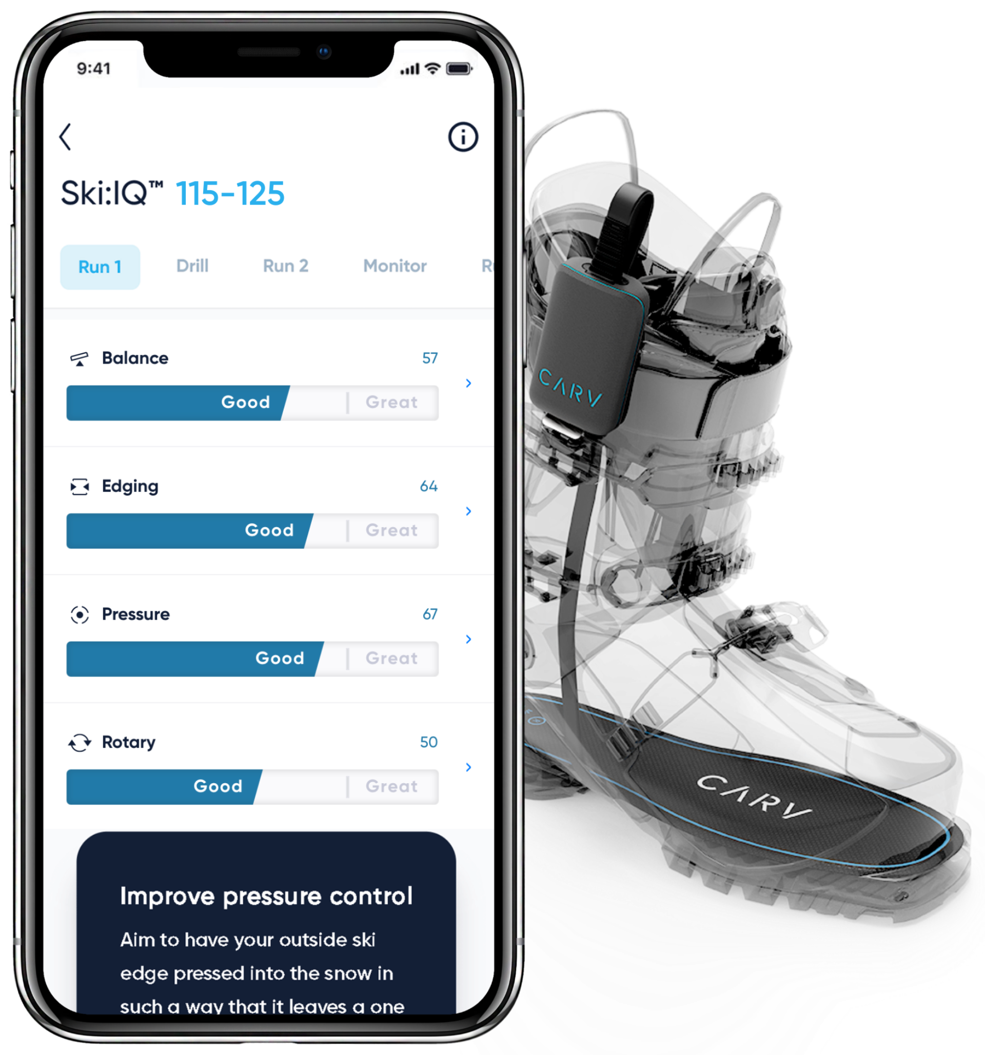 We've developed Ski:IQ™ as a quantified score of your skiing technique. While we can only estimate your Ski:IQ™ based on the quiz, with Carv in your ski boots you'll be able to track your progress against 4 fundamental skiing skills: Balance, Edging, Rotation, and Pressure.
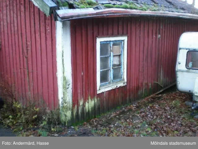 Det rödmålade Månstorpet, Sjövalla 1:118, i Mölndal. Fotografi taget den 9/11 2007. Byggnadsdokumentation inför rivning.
★ ★ ★ ★ ★ ★ ★
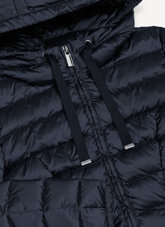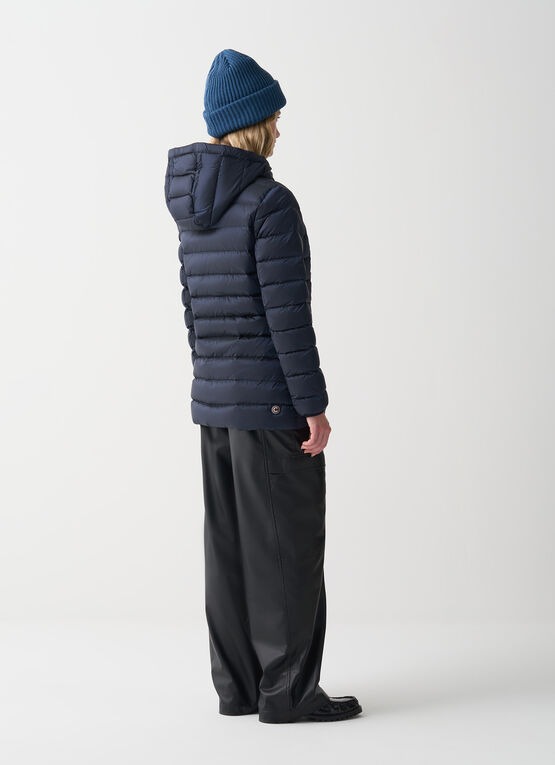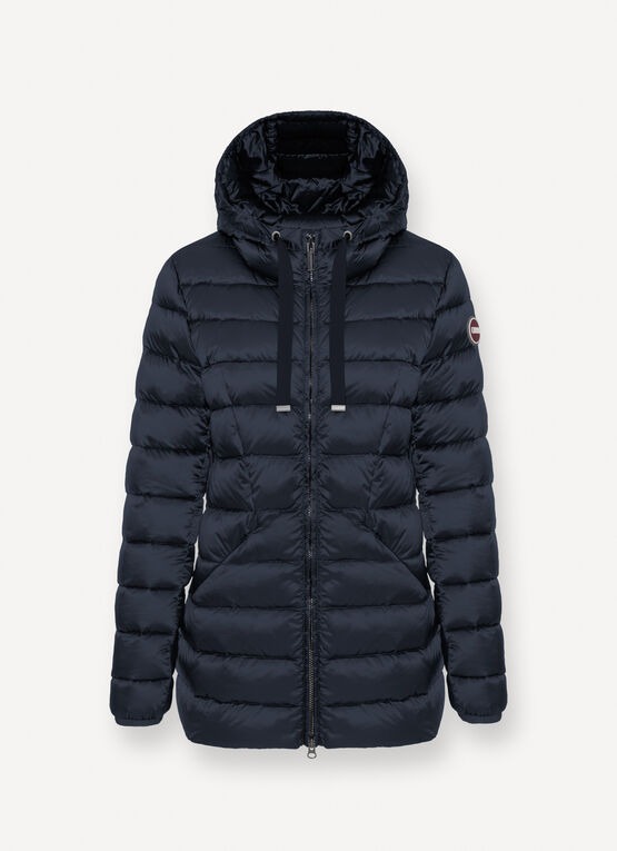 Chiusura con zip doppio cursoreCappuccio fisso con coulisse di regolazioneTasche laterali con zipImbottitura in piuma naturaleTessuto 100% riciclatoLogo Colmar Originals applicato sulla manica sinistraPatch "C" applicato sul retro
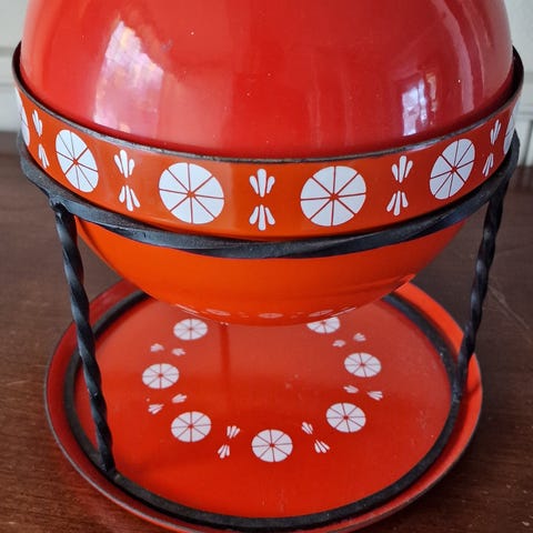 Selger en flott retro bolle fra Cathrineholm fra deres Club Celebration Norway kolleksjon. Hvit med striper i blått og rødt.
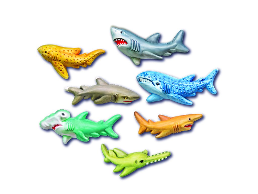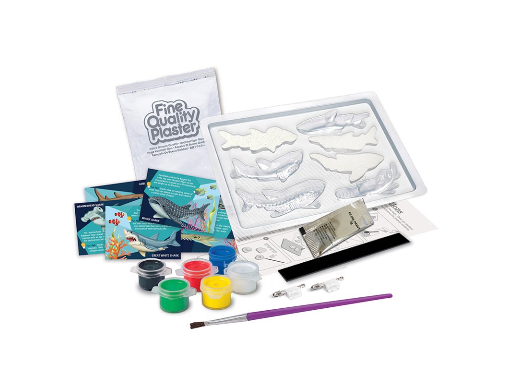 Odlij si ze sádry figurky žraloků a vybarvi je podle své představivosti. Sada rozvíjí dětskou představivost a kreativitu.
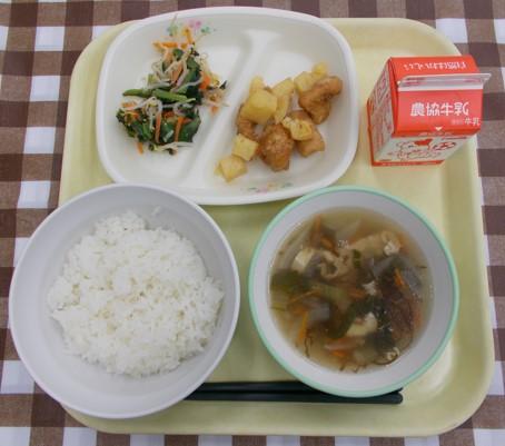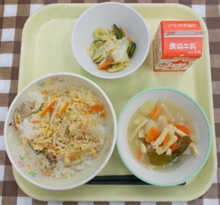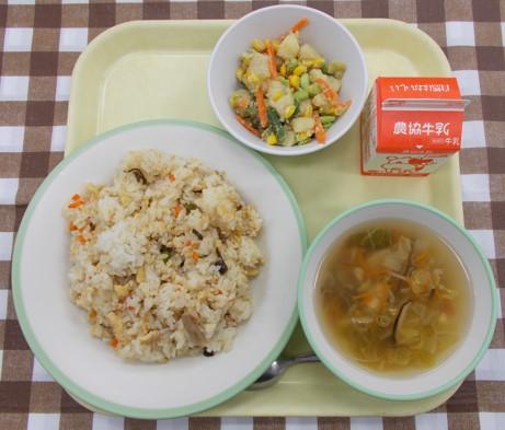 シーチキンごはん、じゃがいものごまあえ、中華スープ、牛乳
★ ★ ★ ★ ★ ★ ★
* ACTION ITEM *
Reproduce the data above exactly, but only from the line containing "We've developed Ski:IQ™" through the line containing "Det rödmålade Månstorpet, Sjövalla"; skip the pictures.

* PROBLEM SOLUTION *
 We've developed Ski:IQ™ as a quantified score of your skiing technique. While we can only estimate your Ski:IQ™ based on the quiz, with Carv in your ski boots you'll be able to track your progress against 4 fundamental skiing skills: Balance, Edging, Rotation, and Pressure.
 Det rödmålade Månstorpet, Sjövalla 1:118, i Mölndal. Fotografi taget den 9/11 2007. Byggnadsdokumentation inför rivning.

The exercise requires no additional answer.